What are orphan drugs?
In the simplest terms, all international definitions and regulatory guidelines recognize that an orphan drug is a therapy developed for a disease that is rare and life-threatening or chronically debilitating and has development costs that will far exceed the monetary returns from the sale of the drug. It is estimated that there are over 5,000 rare diseases with many added to the medical literature each week. While 300 orphan drugs and devices have been approved in the last 25 years, there is still a growing unmet medical need. In the United States, an orphan drug as defined under the Orphan Drug Act of 1983 (ODA) is a therapy developed for a disease that affects less than 200,000 people in the United States or a disease that is of a low prevalence (<5 people per 10,000 in the community).
How do pharmaceutical or biotech companies afford to develop orphan drugs, knowing that their development will not be profitable? The Office of Orphan Products Development (OOPD) is the government body charged with overseeing orphan drug development in the United States. This body administers the provisions of the ODA and provides incentives to companies that take on the task of developing orphan drugs. They provide incentives such as funding for clinical research, streamlined regulatory processes which are acceptable in the United States and the European Union, assistance for designing research protocols, tax credits, process patents for biotechnology products, accelerated approvals and market exclusivity.
Such assistance appears to be effective in driving the development of orphan drugs. In fact, the global orphan drug market grew from $54.5 billion in 2005 to $84.9 billion in 2009 and the market is expected to reach $112.1 billion in 2014. Companies like Bayer, Eli Lilly, GlaxoSmithKline, Johnson & Johnson, Merck, Novartis, Pfizer and Sanofi-Aventis are all established pharmaceutical companies invested in the development of orphan drugs. Additionally, companies like Genzyme and Actelion have become very successful as specialists in orphan drug development.
Personalized medicine is where a patient is provided a treatment plan based on their genetic profile. The field of oncology is thought to provide some of the best examples of personalized medicine. Two well-known oncology therapies that illustrate the idea of personalized medicine are Roche’s/Genentech’s Herceptin, developed for breast cancer patients that express the HER2 protein, and Novartis’s Gleevec, developed for chronic myelogenous leukemia (CML) patients to target the bcr-abl tyrosone kinase as well as for stomach cancer patients with c-kit positive gastrointestinal stromal tumors (GIST). These personalized therapies are a vastly different approach than the blockbuster, “one-size-fits-all” drugs that have been traditionally pursued by the pharmaceutical industry. While effective in these limited patient populations, the annual cost of Herceptin and Gleevec is estimated to be about $38,000-$60,000/year and $40,000-$98,000/year, respectively.
Personalized Medicine and Orphan Drugs
Personalized medicine and orphan drugs have many similarities.
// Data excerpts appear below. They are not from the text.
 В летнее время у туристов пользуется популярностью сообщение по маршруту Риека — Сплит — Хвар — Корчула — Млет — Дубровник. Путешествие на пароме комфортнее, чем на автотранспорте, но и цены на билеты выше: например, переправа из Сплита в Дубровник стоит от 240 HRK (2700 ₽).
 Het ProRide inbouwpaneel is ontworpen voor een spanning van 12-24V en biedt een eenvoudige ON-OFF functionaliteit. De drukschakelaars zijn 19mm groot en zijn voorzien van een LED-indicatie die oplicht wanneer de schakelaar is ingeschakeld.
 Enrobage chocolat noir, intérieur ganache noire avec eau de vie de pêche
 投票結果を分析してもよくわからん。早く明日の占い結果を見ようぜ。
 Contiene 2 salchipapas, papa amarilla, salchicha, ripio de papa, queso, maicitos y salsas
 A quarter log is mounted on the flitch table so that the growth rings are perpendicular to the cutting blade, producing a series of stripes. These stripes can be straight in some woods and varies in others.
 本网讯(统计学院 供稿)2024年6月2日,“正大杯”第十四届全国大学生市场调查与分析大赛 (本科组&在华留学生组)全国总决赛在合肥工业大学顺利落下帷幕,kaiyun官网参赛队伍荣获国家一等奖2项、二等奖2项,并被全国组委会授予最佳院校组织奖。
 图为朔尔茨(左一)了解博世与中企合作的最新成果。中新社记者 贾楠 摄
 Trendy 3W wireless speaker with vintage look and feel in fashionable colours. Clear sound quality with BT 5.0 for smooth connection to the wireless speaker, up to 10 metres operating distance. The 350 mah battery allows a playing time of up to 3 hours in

They both meet unmet medical needs, they provide a unique or significant benefit, they often link therapy with a diagnosis or biomarker, dosing may be individualized for both, and they provide a social benefit over health economics. Additionally, research and development costs are high, physician education is required, patient counseling for potential treatment outcomes is needed, and the identification of small patient populations is critical to a successful clinical trial.
We recognize that therapies for rare diseases and therapies affecting a small genetic population are similar in the fact that they are being developed for a small patient population. Is it possible that the strategies, incentives and streamlined regulatory processes for orphan drugs could be applied to the development of personalized medicines? Many believe it’s possible, especially when it comes to navigating the regulatory requirements needed for approval of a new therapy. It’s easy to see how more guidance on development strategies and accelerated approvals given to orphan drugs would be beneficial to therapies that could be considered personalized medicine.
As stated, orphan drugs and personalized medicines share the same high costs for development. Many are asking can we afford personalized medicines. Since it is fair to say that everyone would like to have the best treatments modern medicine can offer, personalized medicine will be an ongoing topic of discussion.
- Sharma, et al (2010). Orphan drug: Development trends and strategies. Oct-Dec 2(4):290-299.
- Hughes-Wilson (2010). Rare diseases and orphan drugs as a precursor to personalized medicine. Presentation at EuropaBio (March 2010).